Few technical details: Oracle and Python are running on different server. The database is client hosted while all scripts are running on an AWS RHEL EC2 server. Details of the EC2 instance are highlighted in this screenshot. .
My Approach To do this i choose Python's Pyodbc library to connect to the Remote Oracle client and extract data using the SQL query. Below is an extract of the code that fetches the data based on SQL Query provided.
def fetch_data_to_file(self,curr,query,dataset):
try:
self.logger.info('Executing query: {}'.format(query))
start = time.time()
curr.execute(query)
query_time = time.time()-start
start = time.time()
rowcount=0
with open(dataset,'a+') as f:
writer = csv.writer(f,delimiter='|')
writer.writerow([i[0] for i in curr.description])
self.logger.info('Writing file: {}'.format(dataset))
while True:
rows = curr.fetchmany(self.batch_limit)
self.logger.info('Writing {} rows'.format(self.batch_limit))
rowcount+=len(rows)
if not rows:
break
self.timer.info('{} Query Execution Time: {} seconds'.format(dataset,query_time))

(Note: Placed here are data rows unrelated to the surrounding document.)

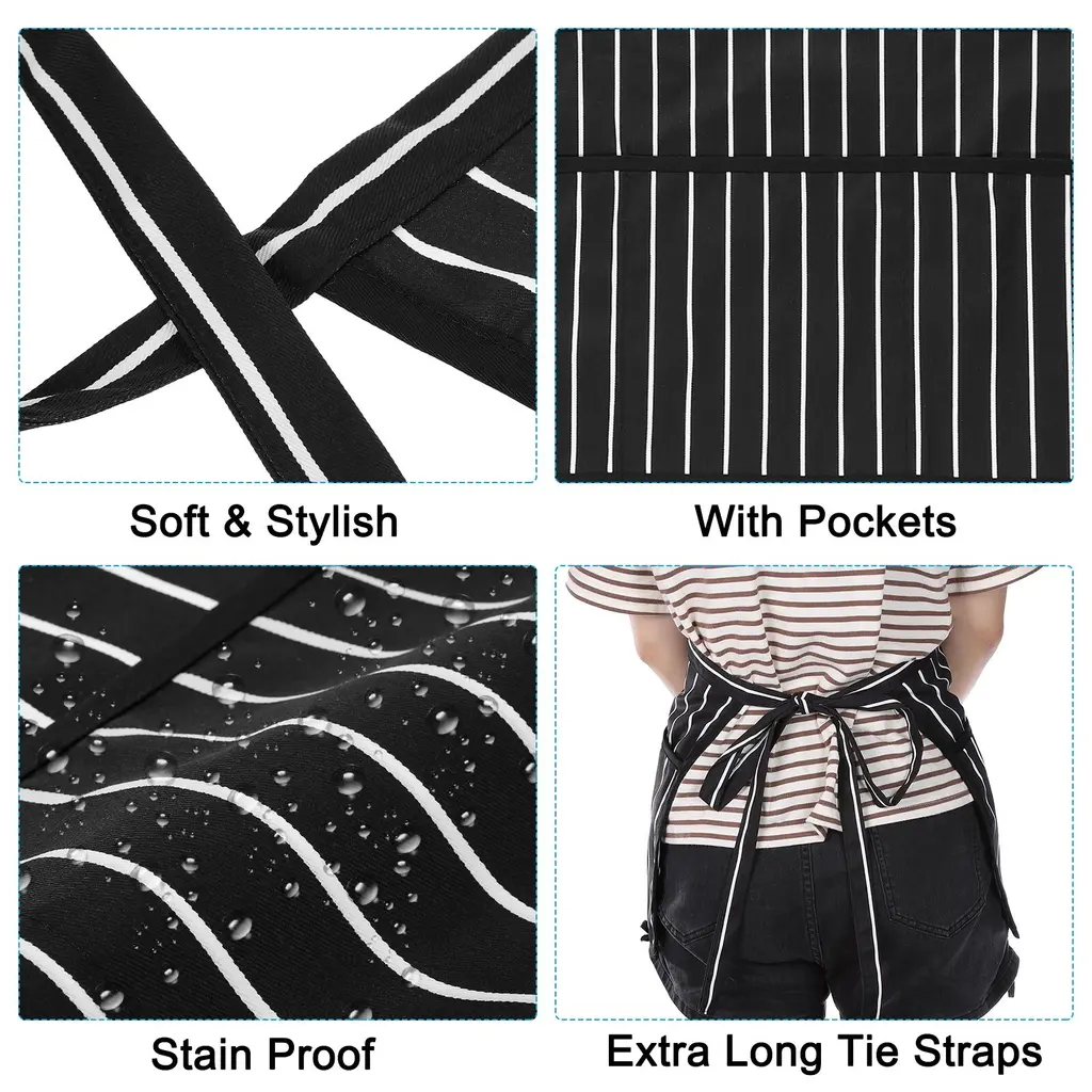 Waist Apron, Waitress Short Apron With 3 Pockets - Black White - 2 Pack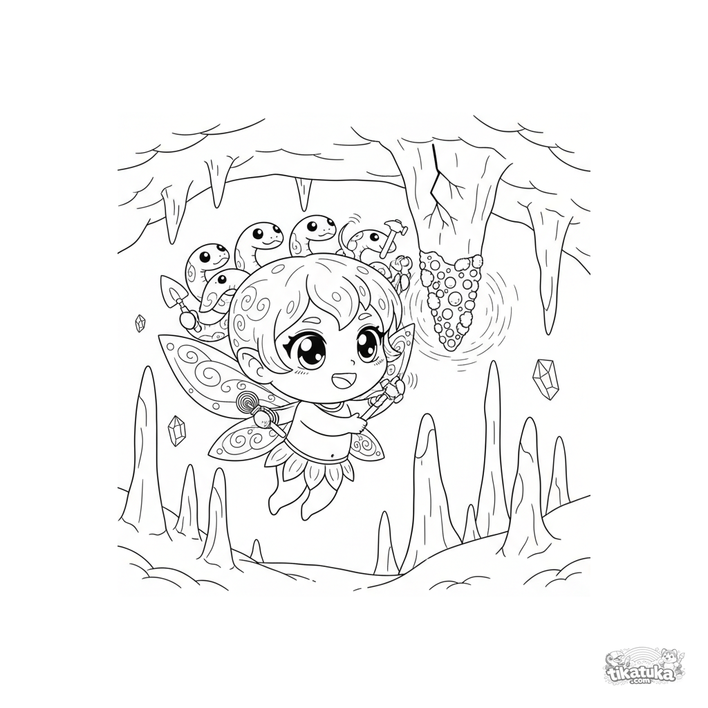Chibi-Stil Ausmalbild für Kinder 4-6: Eine winzige Gorgonen-Fee mit Flügeln repariert einen Stalaktiten in ihrer Höhle mit magischem Moos. Niedliche Szene.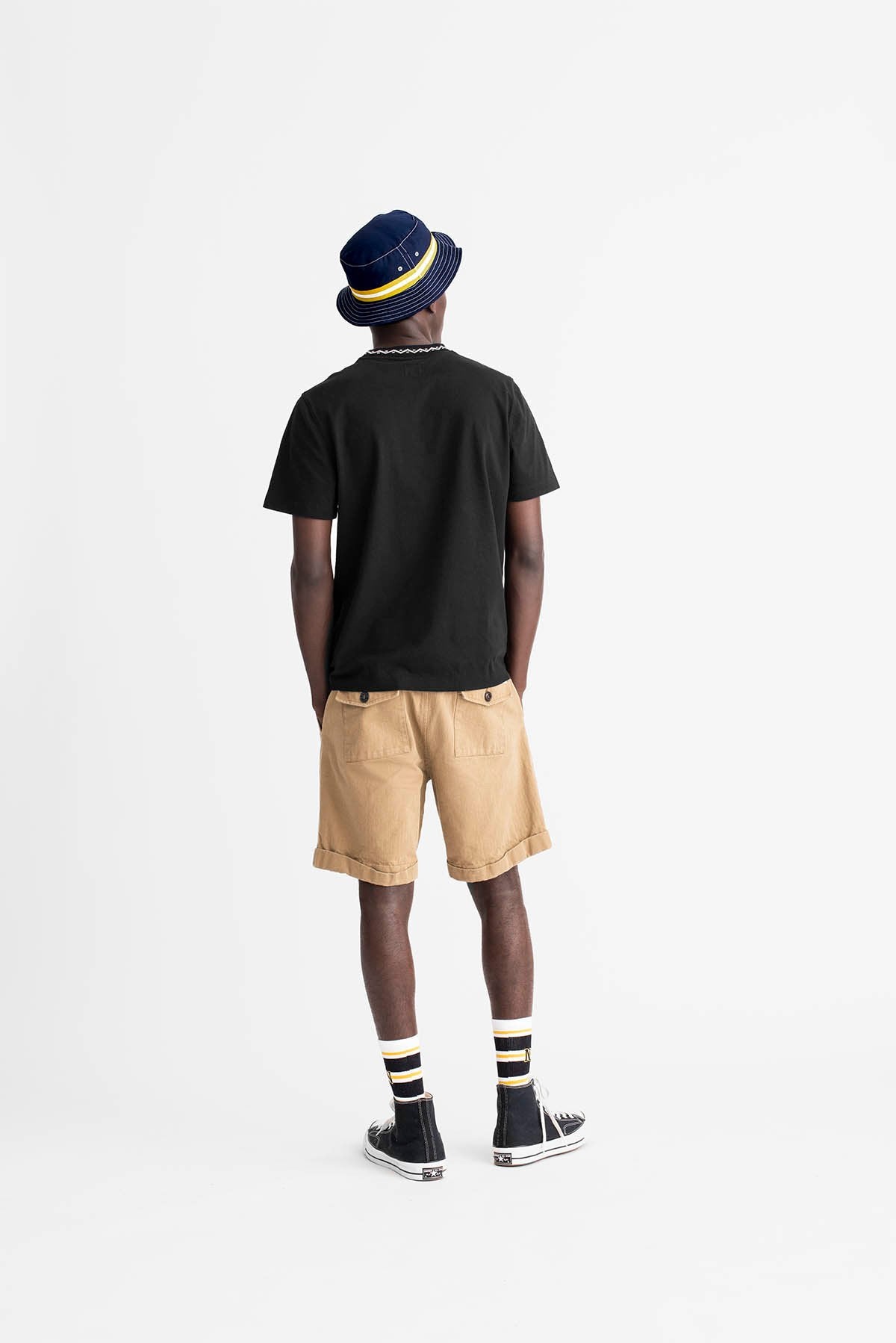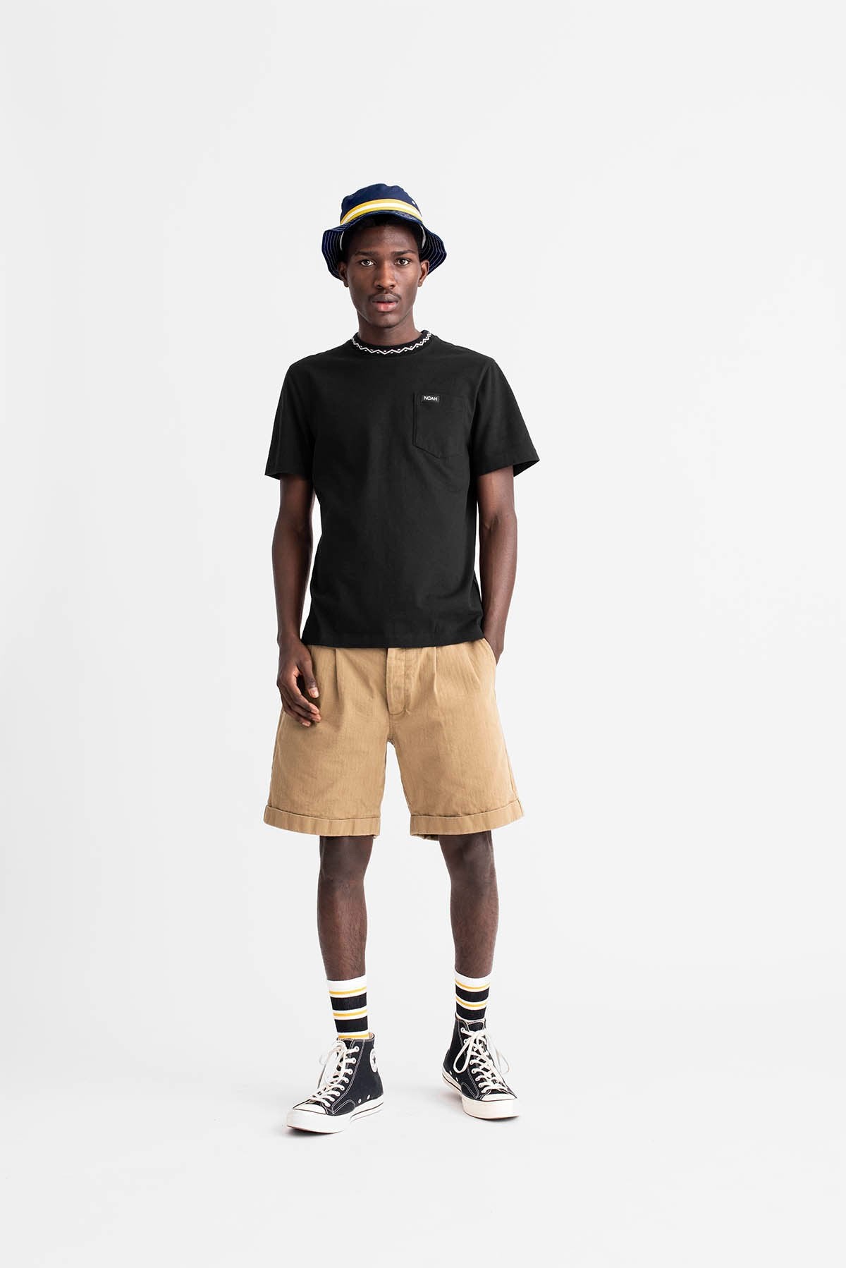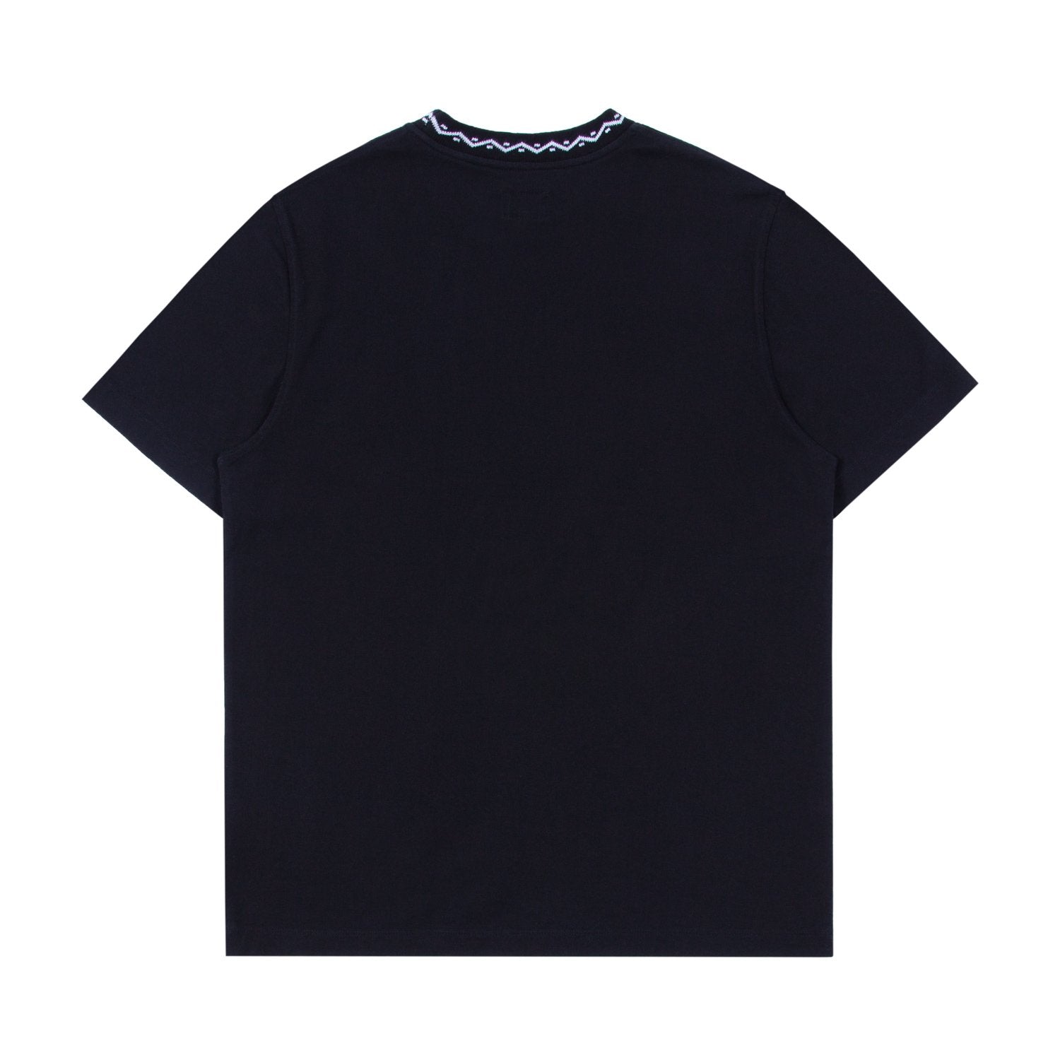 Made in Portugal. 100% cotton. Rib knit collar with jacquard pattern. Woven label on pocket.

self.timer.info('{} File Writing Time: {} seconds. at {} rows/second'.format(dataset,time.time()-start,int(rowcount / (time.time()-start))))
self.logger.info("File written.")
except Exception as e:
self.error.info("Error in fetching data.Error: {}".format(e))
raise SystemExit(1)
The dataset that I am extracting is close to 8GB uncompressed size (close to 35Million rows returned). And it takes the code ~1.5 hours to download the file on my EC2 server. I tested with multiple variations of batch_limits and found 1Million - 2Million to be the optimal size to batch download data however I am unsure if there is something else i can do more efficiently to figure out what my batch size should be.

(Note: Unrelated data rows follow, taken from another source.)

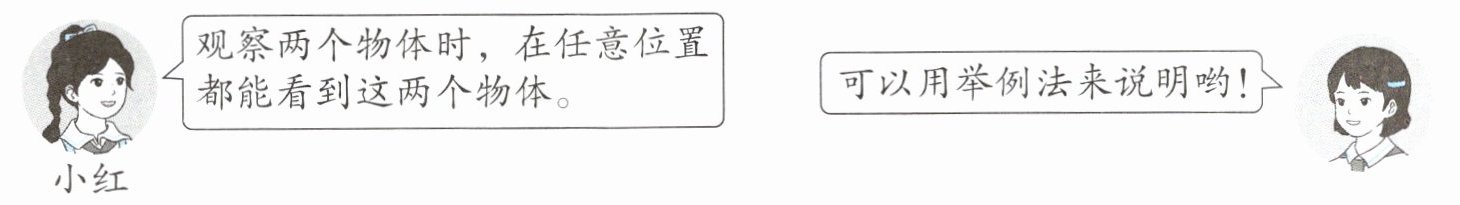 2.小红说得不对。在某些位置,当两个物体中的一个完全被另一个遮挡时,就看不到被遮挡的物体。例如:下面的两个物体,从右面观察,就看不到圆柱。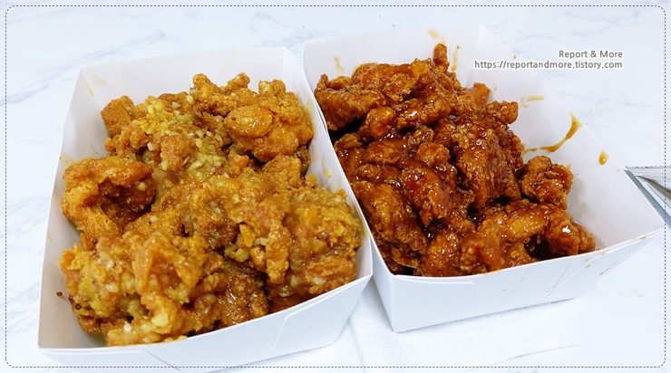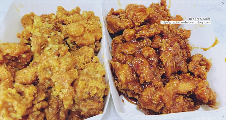 사진에서 왼쪽이 '마늘톡겨자싸이순살치킨'이고요,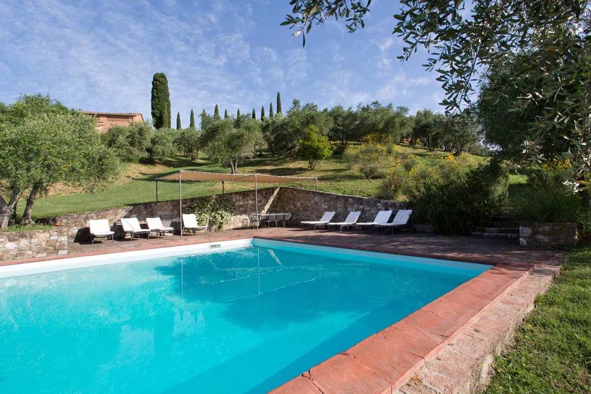 Surrounded by olive groves and cypress lined roads this is an archetypal Tuscan experience - even the swimming pool is reached by walking down a pathway through an olive grove.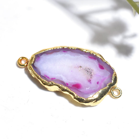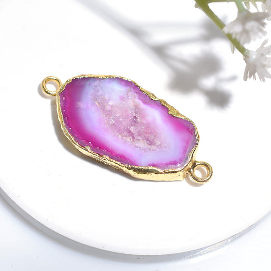 Pink Druzy Solar Quartz Connector – Golden Electroplated Gemstone for Jewelry
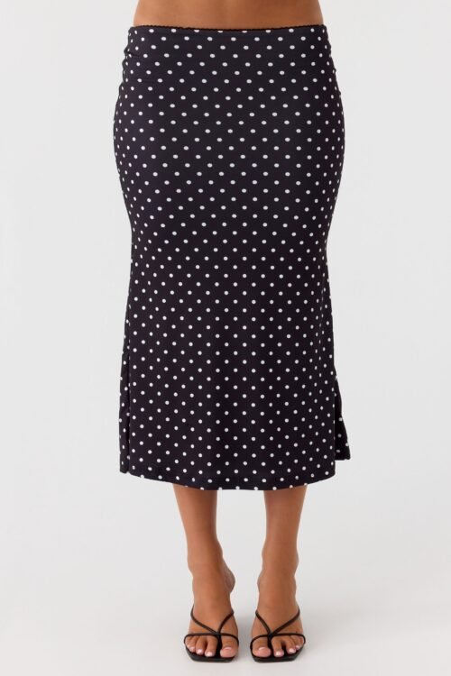 Bahama Low Rise Midi Skirt – Black Polkadot
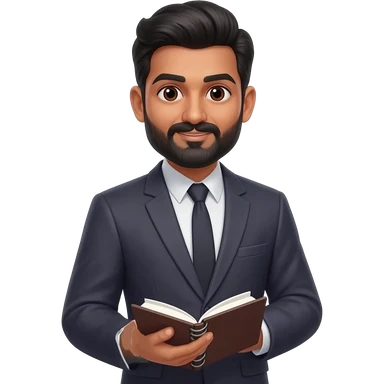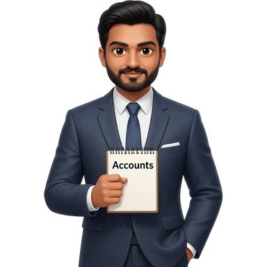 create emoji of man wearing business suit with accounts notebook and the man has middle parting and of indian origin with a goatee emoji

What else have i looked into I was looking online to figure out ways to write large datasets to files using python, and many suggested using Pandas. I tried to figure that out but failed to do so. Also, it is important that i preserve the data and its datatypes while extracting them to files.
My ask here is: is there anything i can do better to make this code more efficient ? Is Python the best suited language for this? (Please note, i need to be able to automate the jobs whatever language i choose. Going for licensed libraries is a bit difficult at this point due to internal pricing challenges at my firm).

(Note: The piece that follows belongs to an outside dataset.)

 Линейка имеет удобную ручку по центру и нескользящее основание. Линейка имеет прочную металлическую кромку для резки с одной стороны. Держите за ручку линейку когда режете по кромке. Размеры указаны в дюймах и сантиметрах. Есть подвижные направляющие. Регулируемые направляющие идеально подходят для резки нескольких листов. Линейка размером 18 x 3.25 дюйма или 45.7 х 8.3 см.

Also, not sure if this helps, but here is a snapshot of my memory usage while the code was downloading data (htop)
One possibility would be to download the free "SQLcl" utility, basically a Java based SQL-Plus but does much more. Download here. What you can do with SQLcl is drop it on the client machine and use it to extract the data, while also taking care of the delimiter for you. Here I'm setting the delimiter to the pipe symbol. This may be more efficient than trying to do it via Python, and you'd still be able to script it and call it from Python, or wherever.
$ sqlcl username/password@'<hostname>:<port>/ORACLE_SID'
> Set sqlformat delimited |
> Spool <some file to hold the data>
> Select * from <some table>;
> Spool off
And the above can easily be dropped into a shell script.
#!/bin/bash
sqlcl username/password@'<hostname>:<port>/ORACLE_SID' <<EOF
Set sqlformat delimited |
Spool <some file to hold the data>
Select * from <some table>;
Spool off
EOF
Example
sqlcl> Select * from emp;
"EMPNO"|"ENAME"|"JOB"|"MGR"|"HIREDATE"|"SAL"|"COMM"|"DEPTNO"
7839|"KING"|"PRESIDENT"||17-NOV-81|5000||10
7698|"BLAKE"|"MANAGER"|7839|01-MAY-81|2850||30
7782|"CLARK"|"MANAGER"|7839|09-JUN-81|2450||10
7566|"JONES"|"MANAGER"|7839|02-APR-81|2975||20
7788|"SCOTT"|"ANALYST"|7566|09-DEC-82|3000||20
7902|"FORD"|"ANALYST"|7566|03-DEC-81|3000||20
7369|"SMITH"|"CLERK"|7902|17-DEC-80|800||20
7499|"ALLEN"|"SALESMAN"|7698|20-FEB-81|1600|300|30
7521|"WARD"|"SALESMAN"|7698|22-FEB-81|1250|500|30
7654|"MARTIN"|"SALESMAN"|7698|28-SEP-81|1250|1400|30
7844|"TURNER"|"SALESMAN"|7698|08-SEP-81|1500|0|30
7876|"ADAMS"|"CLERK"|7788|12-JAN-83|1100||20
7900|"JAMES"|"CLERK"|7698|03-DEC-81|950||30
7934|"MILLER"|"CLERK"|7782|23-JAN-82|1300||10